Every time someone suggests building outdoor padel courts in Northern Europe, the same objection from investors and operators appears almost immediately: “It’s too cold. It wont work. ”
But, hey, what do they know 😀 ….ask the actual players and you get a different picture.
Recently I was speaking with the COO of a fast-growing padel chain. He explained how they see the future of their facilities developing across three tiers:
• fully indoor permanent structures
• hybrid or bubble-type facilities
• outdoor courts at the lowest level
From a financial perspective I understand the logic. Indoor courts maximise utilisation and create predictable year-round revenue.
But from a player perspective, I’m not sure the hierarchy is quite right.

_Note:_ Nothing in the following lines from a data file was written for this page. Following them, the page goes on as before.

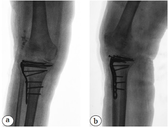 Fig. 7. X-rays outcome of the treatment, 2 years after surgery: a — AP view; b — lateral view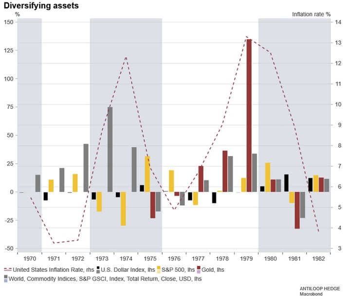 Amerikansk inflation och tillgångsklassernas prestation ( i USD) 1970 - 1982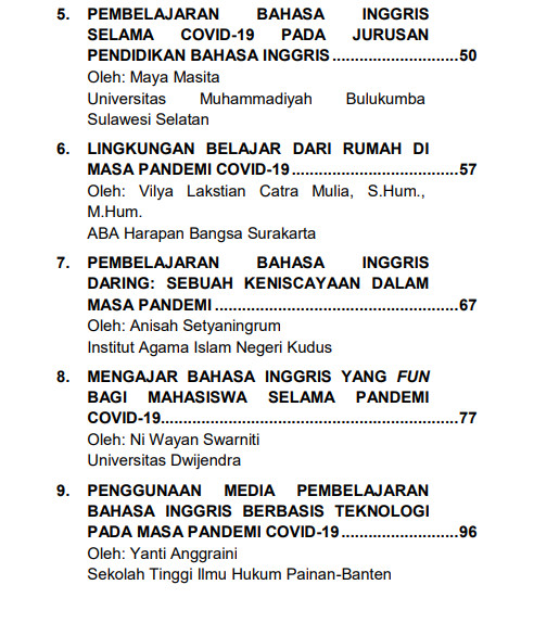 Buku Pengalaman Pembelajaran Bahasa Inggris Daring di Perguruan Tinggi - Ori Penerbit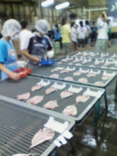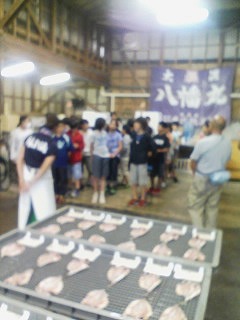 各自、名前を書いたプレートの上に置き、乾燥をしてもらいます。2組と1組が交替して、また作業に取り組みます。

People enjoy being outdoors whenever they get the chance. If that wasn’t the case, the world’s most established racket sport – tennis- would look very different – but instead around 91% of tennis courts globally are still outdoor. Tennis has thrived for more than a century despite the occasional inconvenience of rain delays, frost, or cancelled sessions.
Padel seems to be developing a perception that it must be played indoors.

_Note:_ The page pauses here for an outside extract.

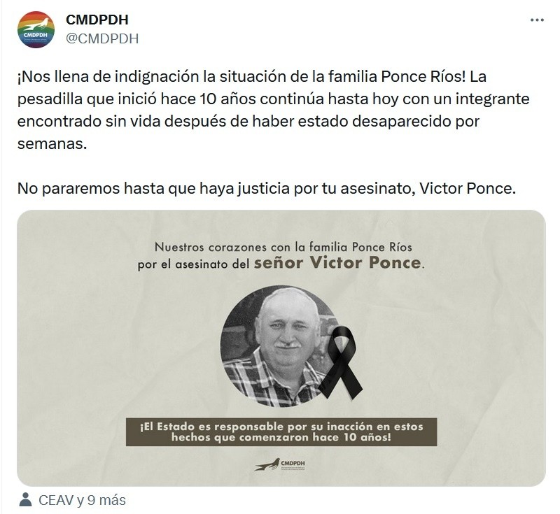 El pasado 23 de mayo, el ganadero Víctor Manuel Ponce y su trabajador, Luis Fernando García, fueron desaparecidos de su lugar de trabajo, en un rancho de Huejúcar, Jalisco. Tras ello, los familiares pidieron su localización con vida, sin embargo, dieron a conocer que ya se encontraron los cuerpos de las personas.A través de sus redes sociales, Anais Ponce agradeció el apoyo y dijo que “solo les quiero decir que si nos uniéramos lograríamos cambiar el país en el que cada día mueren personas inocentes”. Mientras que la Comisión Mexicana de Defensa y Promoción de los Derechos Humanos emitió un mensaje de apoyo y remarcó que “¡Nos llena de indignación la situación de la familia Ponce Ríos! La pesadilla que inició hace 10 años continúa hasta hoy con un integrante encontrado sin vida después de haber estado desaparecido por semanas. No pararemos hasta que haya justicia por tu asesinato, Víctor Ponce”. Trascendió que el ganadero había migrado de Chihuahua también por situaciones de violencia. Por su parte, la Fiscalía de Jalisco informó que trabaja de manera coordinada con su homóloga de Zacatecas en el intercambio de información para la posible identificación de dos personas que fueron localizadas sin vida en ese Estado, quienes al parecer cuentan con denuncia por desaparición en el municipio de Huejúcar.“De manera preliminar se informa que se encontraron coincidencias con las características físicas de Víctor Manuel, de 57 años de edad, y Luis Fernando, de 24 años. Las víctimas fueron vistas por última vez en Huejúcar, Jalisco, el pasado 23 de mayo cuando acudieron a trabajar a un rancho, propiedad de uno de ellos”, destacó la dependencia estatal.Indicaron que la Fiscalía Especial en Personas Desaparecidas (FEPD) tomó conocimiento de la denuncia que presentó su familia, el pasado 30 de mayo, y se desplegaron de manera inmediata trabajos de inteligencia, operativos, acciones de búsqueda remotas, entrevistas y se giraron diversos oficios a instituciones para la coadyuvación en la búsqueda.“A la par de los trabajos de investigación, la FEPD ha mantenido mesas de trabajo con las familias de las víctimas con la finalidad de mantenerlas actualizadas sobre los avances de las pesquisas, mismas que continúan para el esclarecimiento de los hechos. Se reitera que la información proporcionada es de carácter preliminar y conforme se cuente con información que haga llegar la Fiscalía General de Justicia del Estado de Zacatecas, se podrán conocer más detalles al respecto y se darán a conocer a través de los canales oficiales de esta representación social”. JM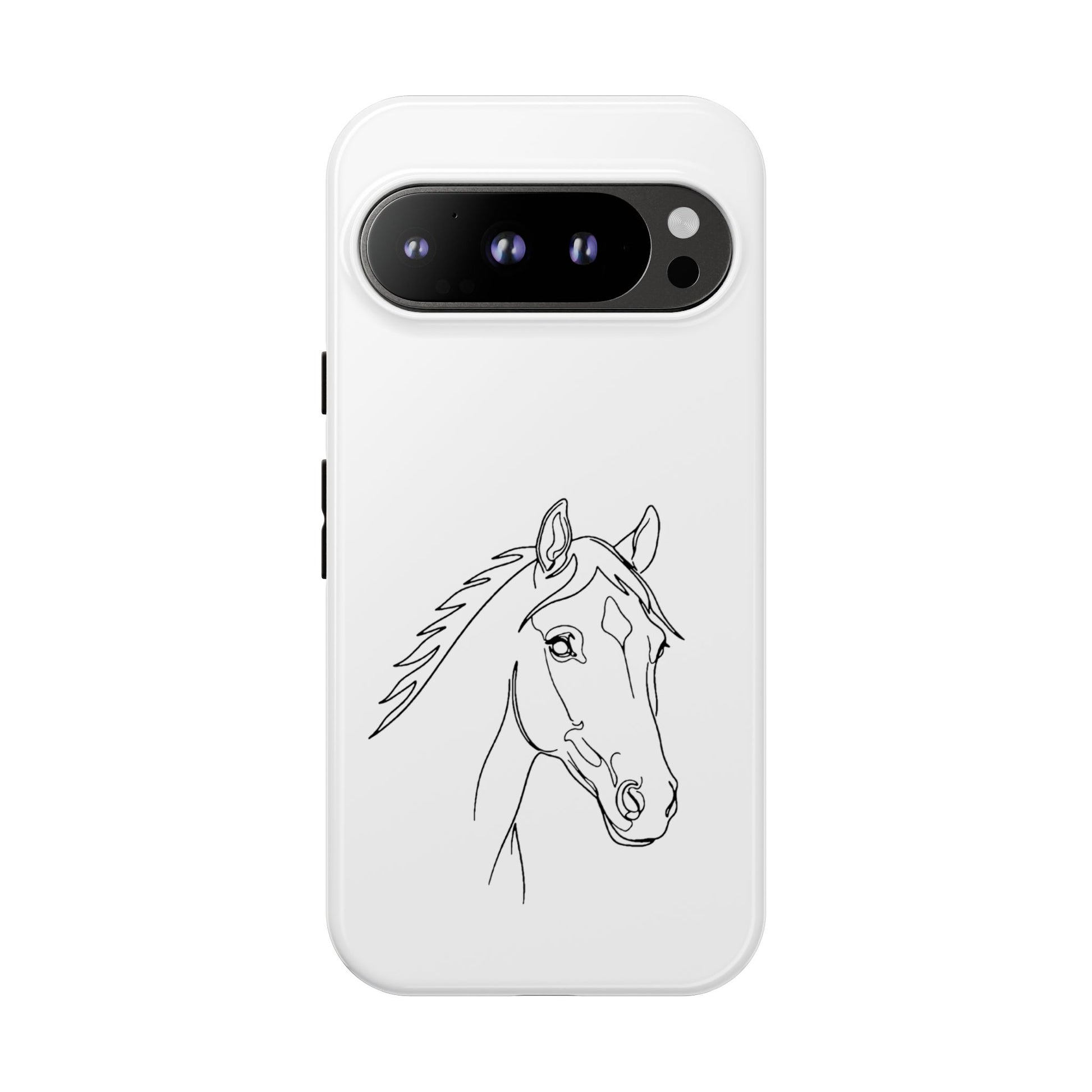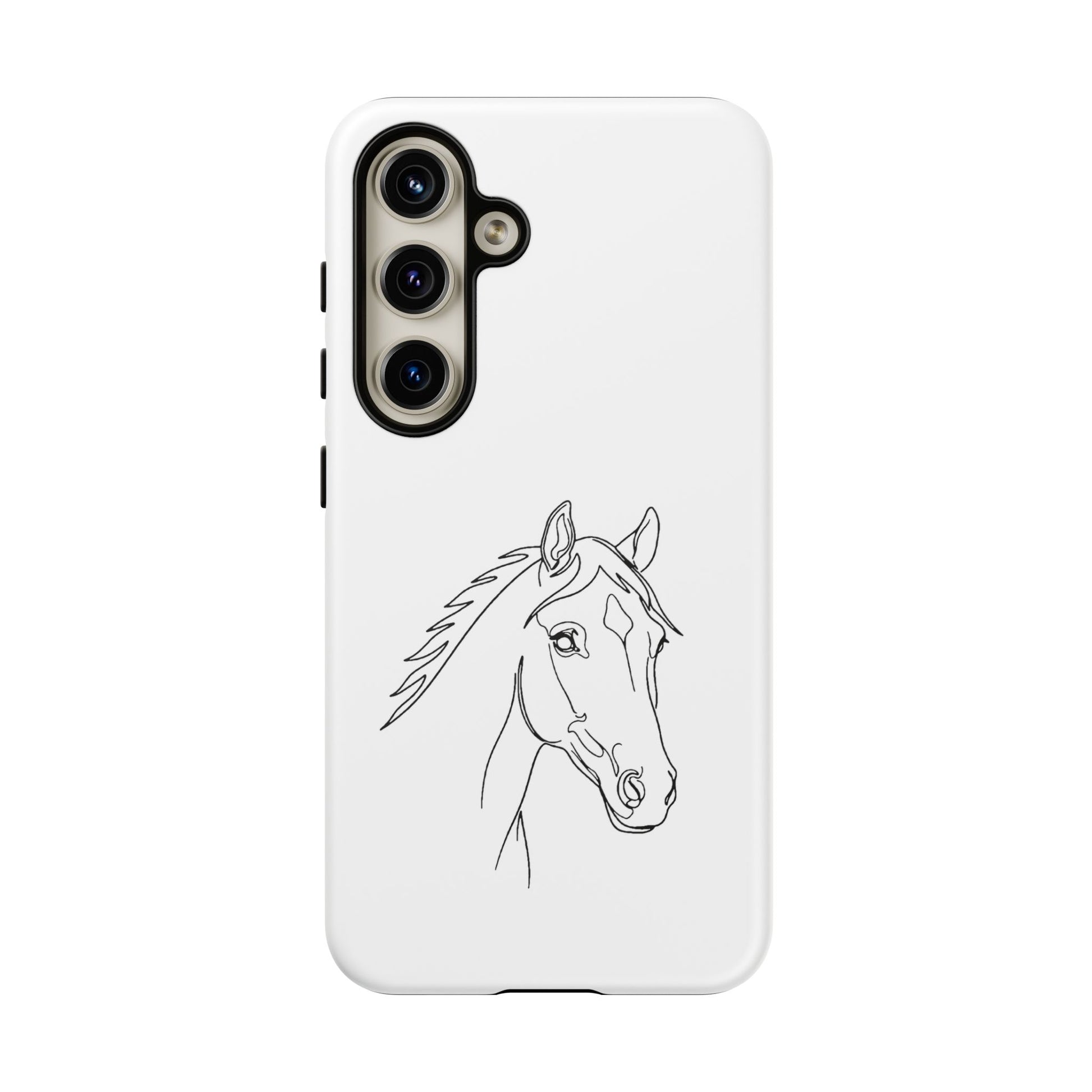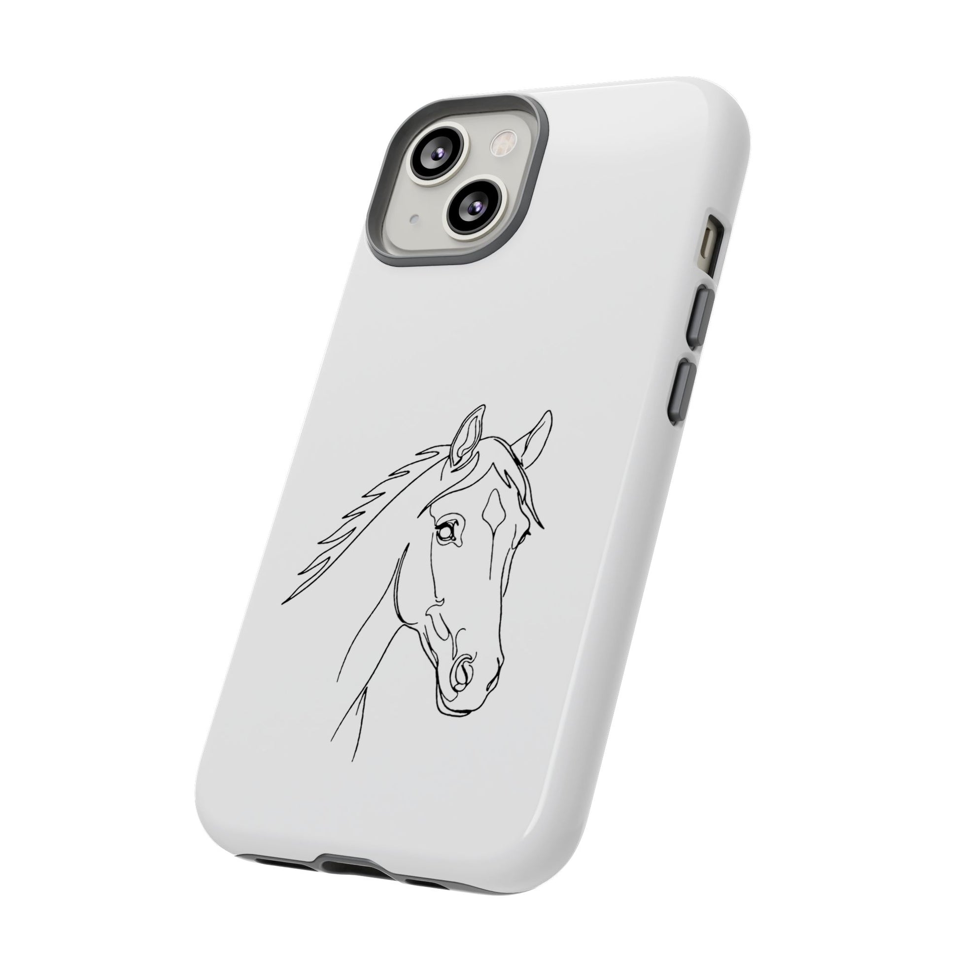 Lightweight, protective, and quietly elegant—this tough phone case carries a simple pencil-style horse portrait that feels like a private nod to anyone who loves horses. The slim dual-layer shell snaps on easily; a soft TPU liner cushions against shocks, while a hard polycarbonate exterior takes the brunt of bumps and drops. The sketch sits centered on a clean white field, letting the linework breathe and keeping the overall look refined and low-key. It resists outdoor fading and supports wireless charging, so your phone stays both safe and usable during rides, barn days, or everyday errands. Care notes are included to keep the artwork crisp: avoid prolonged sun exposure, high-alcohol liquids, and heavy creams on the case surface.

That perception came from the operators and not its players.
Part of the explanation is real estate. Indoor space is scarce and increasingly competitive. A warehouse owner I spoke with recently told me he receives around eight enquiries a week from padel start-ups asking about renting his space….Eight….Every week!

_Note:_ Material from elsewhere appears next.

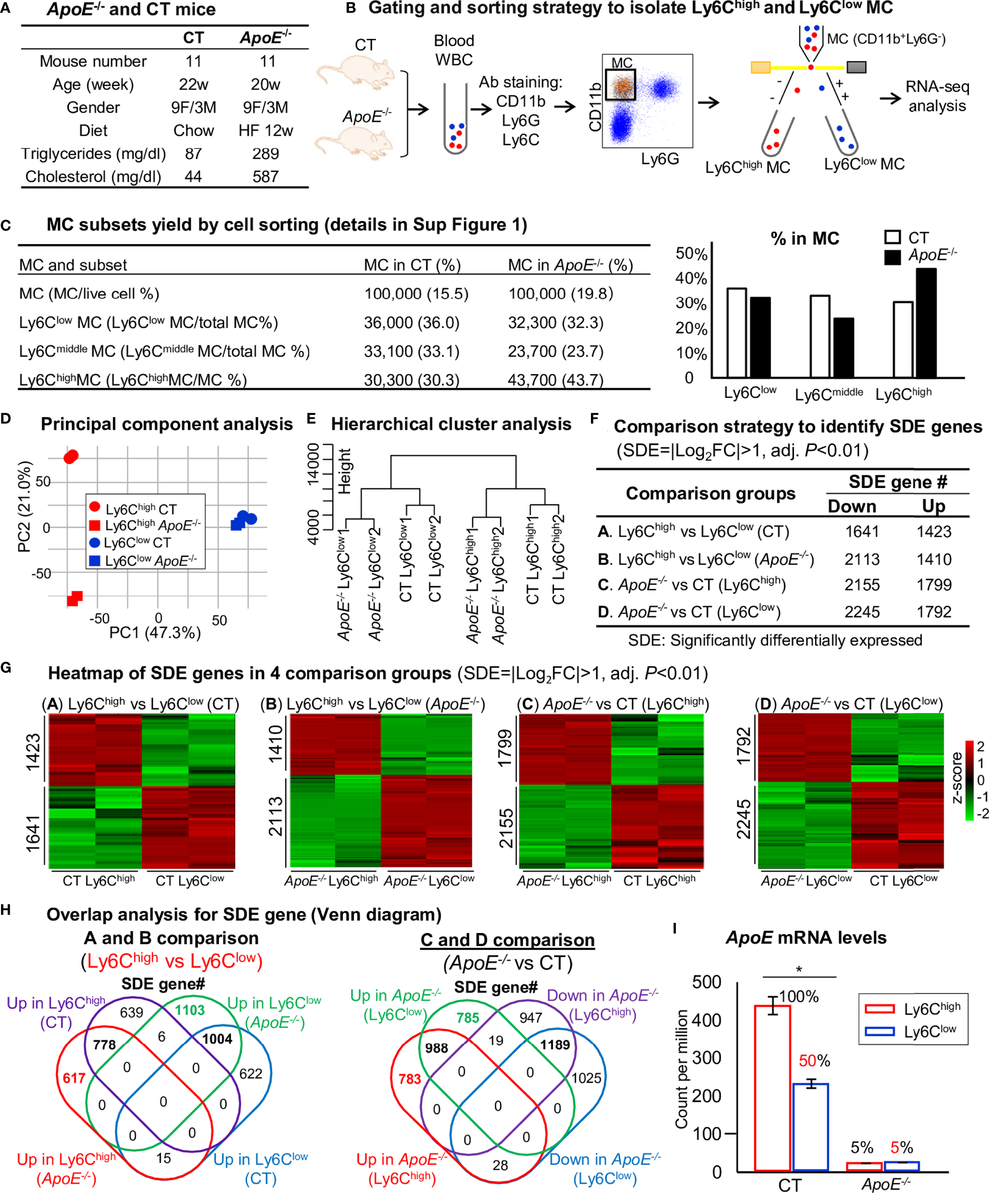 By overlap analysis, we identified 778 upregulated and 1004 downregulated SDE gene in Ly6Chigh MC in CT and ApoE-/- mice (Figure 2H). HL in ApoE-/- mice induced 988 upregulated and 1189 downregulated SDE gene in both Ly6Chigh and Ly6Clow MC. Interestingly, ApoE mRNA levels were significantly reduced to 50% in Ly6Clow MC compared with that in Ly6Chigh MC in CT mice, and depleted to about 5% in ApoE-/- mice (Figure 2I).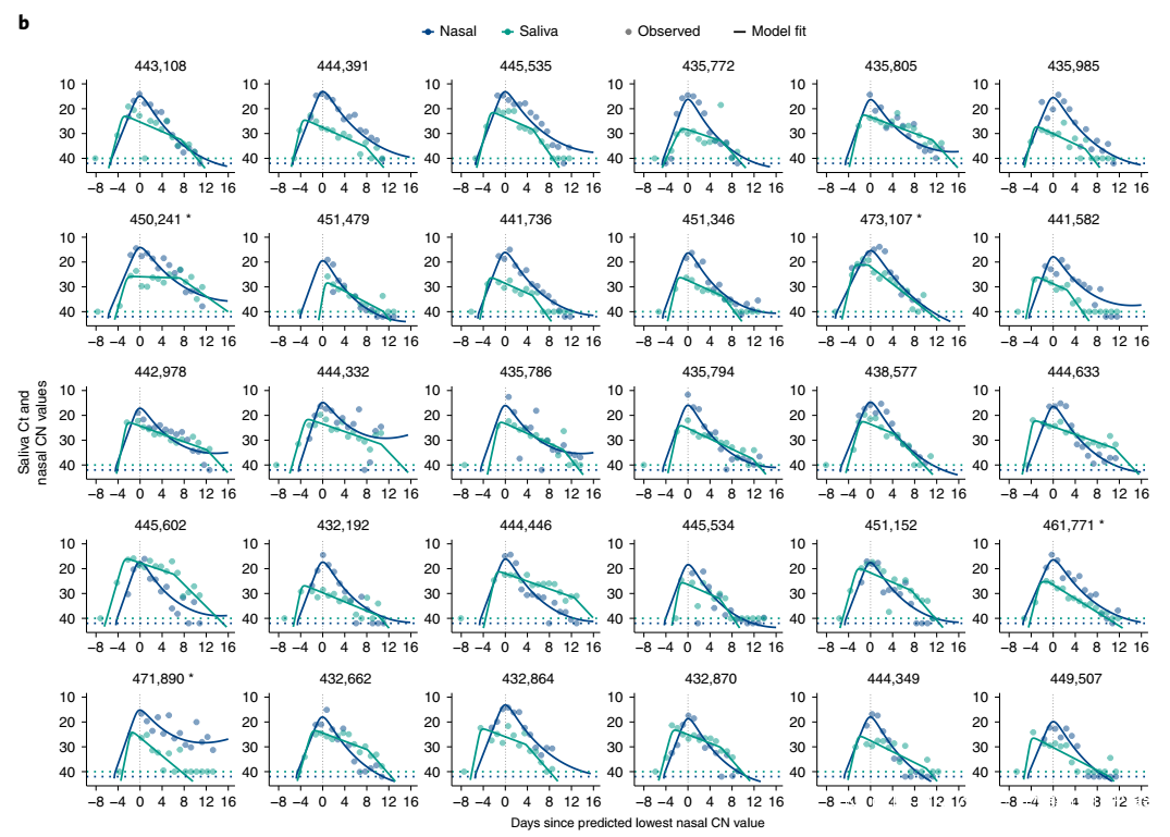 該研究通過建立不同的數學模型,更全面地闡述了不同個體間病毒的動態變化差異。鼻拭子和唾液標本中病毒動態變化不同。鼻拭子樣本中,病毒載量在達到峯值後快速下降,而後速度逐漸減慢。唾液標本中,病毒載量在達到峯值後的下降速度較鼻拭子標本有所減慢。研究計算了鼻拭子和唾液標本中,病毒載量從感染到峯值的平均時間分別為4.9天(±0.5天)和3.9天(±0.8天),病毒載量從峯值到檢測下限的平均時間分別為22.3天(±8.3天)和14.9天(±3.2天)。

Outdoor courts bypass that bottleneck entirely.
And the economics still work. Industry benchmarks suggest a padel court costs roughly €35k–€45k to build and can generate around €170+ per day in bookings on average (CAA Portas). Even with seasonal usage, the entry cost is dramatically lower than building a multi-million-euro indoor facility.
There is also a cultural element that often gets overlooked.
I grew up in the UK, and we played tennis outdoors almost year-round. Rain stopped us… nothing else did. We simply put on another layer and carried on playing.
The British are culturally quite comfortable playing sport outside in winter. On the continent it’s slightly different, partly because so many courts are clay and become too soft during colder months.
Padel courts don’t have that limitation.
Which means the sport actually has an opportunity to shift perceptions and re-normalise year-round outdoor play.
Of course there will be days where it’s unpleasantly cold and sessions get cancelled due to weather. That’s simply the nature of outdoor sport. Tennis players have lived with those inconveniences for decades — and the sport has done just fine.
Price outdoor courts attractively in the off-season and many players will still book them, especially when indoor courts are fully booked.
Avid players rarely choose the option of not playing.